I was confronted at an analyst conference about six weeks ago about rumors that we were talking to The Mills Corporation. The standard lawyers' scripted response is "We don't comment on market rumors," but I answered, "Sure, we're talking to them." That confirmation was big news, which I must say I find a little strange. Of course we're talking to them; that's our job. We talk to lots of people about lots of things; that’s also our job. And by the way, everybody else in mall-land and opportunity-fundland and even hedge-fund-land is also talking to them.

Just for fun, we were recently playing with some numbers. We do that a lot. Our New York Office segment had 2005 EBITDA of $341 million. This number represents a 15.6% return on our original cost of all these assets. First point— on average our income from these assets has more than doubled since we acquired them. Second point—if New York cap rates are, say, 5%, we have more than tripled our money here, a mark-to-market profit of over $4.5 billion.

A group of us (including John Goff and Ron Burkle) were reviewing comparable values for companies in the industrial sector, where it is apparently common practice to bundle merchant building profits in FFO. That got me thinking. Our practice, as executed by Chief Financial Officer Joe Macnow, is kind of the opposite. We go to great lengths to allow the reader of our financial statements to "deconstruct" our earnings. This transparency (and our multi-segment approach) makes for very thick financial disclosure, but it is worth it.

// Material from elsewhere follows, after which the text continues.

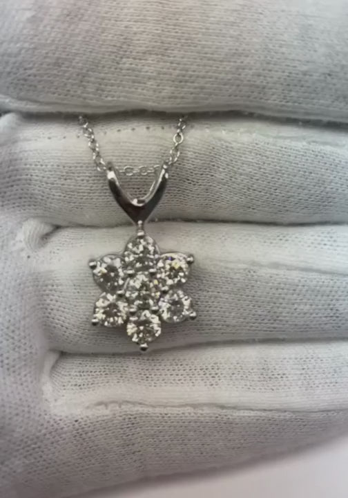 3.5 Ct Natural Earth Mined Diamond Flower Style Necklace Pendant White Gold Women Jewelry

While we are on accounting—accounting is the only zero tolerance game that we play. Zero tolerance means no

 

mistakes and no shading, ever. A business franchise and reputation built up over a lifetime can be squandered with even just one serious accounting misstep. Thanks to Joe, Ross Morrison, Matt Iocco and the entire Zero Tolerance Gang in Paramus.

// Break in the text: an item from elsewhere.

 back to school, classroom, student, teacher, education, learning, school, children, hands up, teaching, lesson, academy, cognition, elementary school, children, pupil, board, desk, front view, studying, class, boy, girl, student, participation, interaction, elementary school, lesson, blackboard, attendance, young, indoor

It's a global world now. Almost every major country in the free world will soon have copycat REIT legislation—several already have. Ditto for securitized CMBS. The transfer from private to public securitized real estate took about 15 years in America. My guess is it will take about only onethird as long in non-American markets. Cross border tax treaties will be slower to come, but are even more important to create a global real estate market.

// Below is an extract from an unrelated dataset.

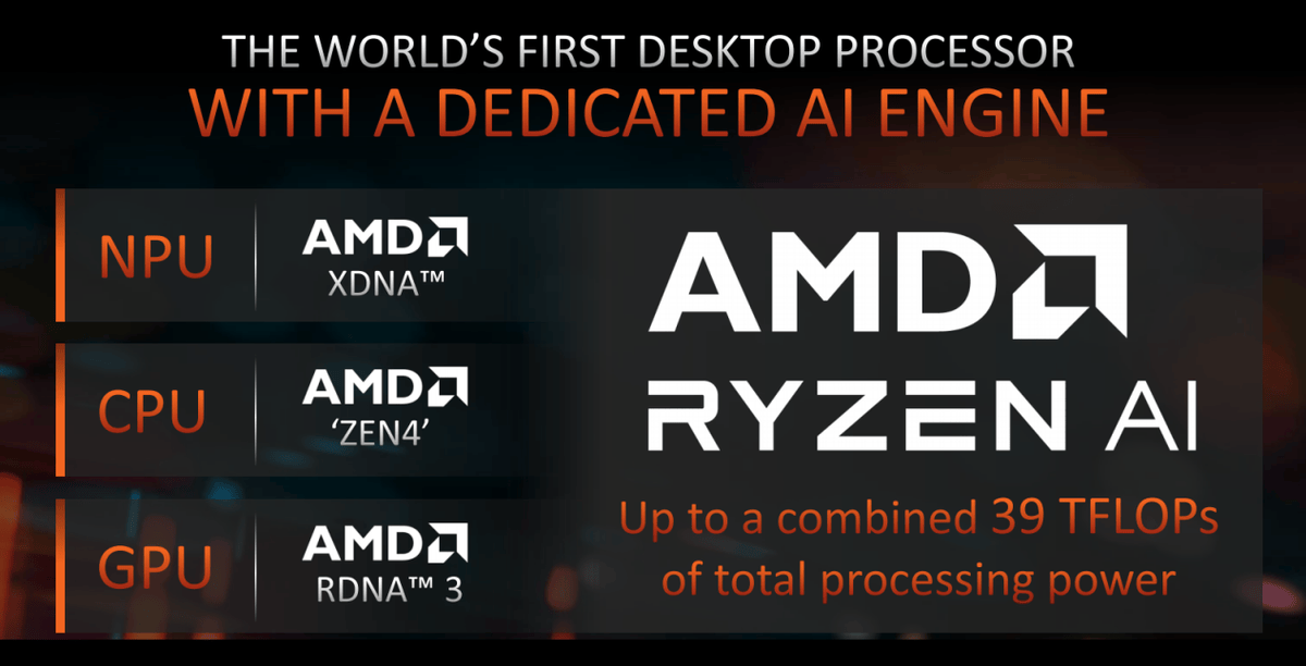 而锐龙8000G系列正是AMD布局桌面AI PC的第一步,这一次AMD又走在了业界前面。锐龙8000G系列与锐龙8040移动处理器一样,同时具备Ryzen AI引擎打造的NPU、Zen4架构处理器核心与RDNA3核显,而由于定位桌面平台,它的功率设定自然更加宽泛,整体的性能释放更加完全。根据AMD官方数据来看,锐龙8000G的整合计算能力高达39 TFLOPS。

Housing seems to be slowing. Some call it a bubble; I don't know. There is too much supply in many markets and housing prices seem to have entered the sticker shock phase. But, the market for scarce income producing investment grade real estate, however, continues to thrive. As I've said for many years in this letter—scarce investment grade real estate has been re-priced and today's prices, give or take, will hold—get used to them.

There has been an epidemic of public to private transactions in real estate at premiums and in size. This seems to support the conclusion, with which we agree, that public market trading prices are cheap to private values.

And, think about this—the increase in rents which we expect is largely still in front of us.